Debugging

Wrong Results

If your queries return results but they're not the ones you expected, the issue is in how the retrieval pipeline ranks, deduplicates, and selects memories. This page explains the exact mechanics of result ranking so you can understand why a specific memory was surfaced (or suppressed) and how to tune the system for your use case.

How Results Are Ranked

Every candidate memory is scored on three factors that are combined into a single ranking score:

Semantic similarity — how close the memory’s vector is to your query’s vector.

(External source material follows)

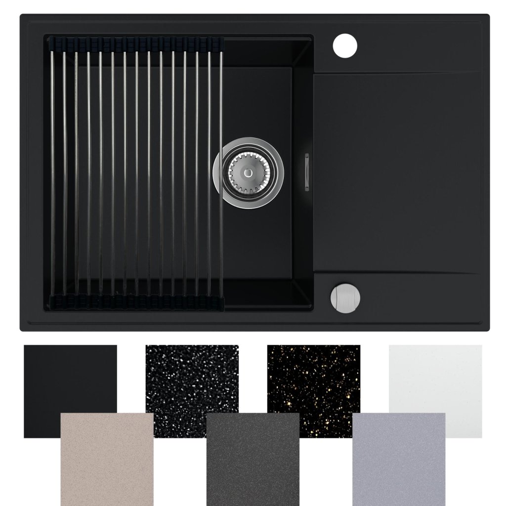 - Nano-granitový drez s 2 továrensky vyvŕtanými otvormi (otvor pre batériu a dávkovač saponátu)
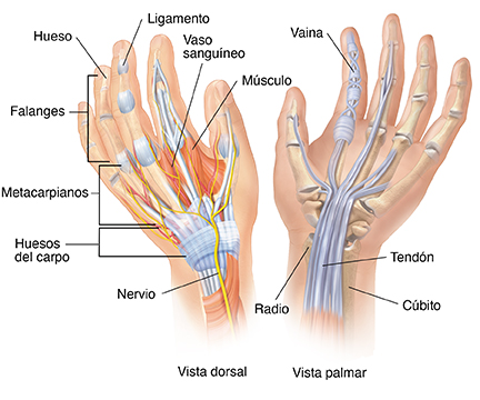 Además, dentro de la mano hay arterias, venas y nervios que suministran el flujo sanguíneo y la sensibilidad en los dedos y en toda la mano.

Higher means more semantically relevant.
Recency — more recently updated memories rank higher than older ones, with a smooth decay over time.
Importance — memories the platform considers high-value rank higher than low-value ones.

For most queries, semantic similarity dominates the score, so the most relevant memory typically wins — unless a slightly less relevant but much more recent or much more important memory outscores it on the combined ranking.

Adaptive Weight Selection

The platform reads your query text and adapts how the three ranking factors are combined:

Default — for most queries, semantic similarity dominates and recency has a moderate effect.
Preference-style queries (e.g., “what does the user prefer”) — importance is given more weight, so consequential preferences win over more recent but less important matches.
Time-sensitive queries (e.g., “what happened recently”) — recency dominates so the freshest information surfaces first.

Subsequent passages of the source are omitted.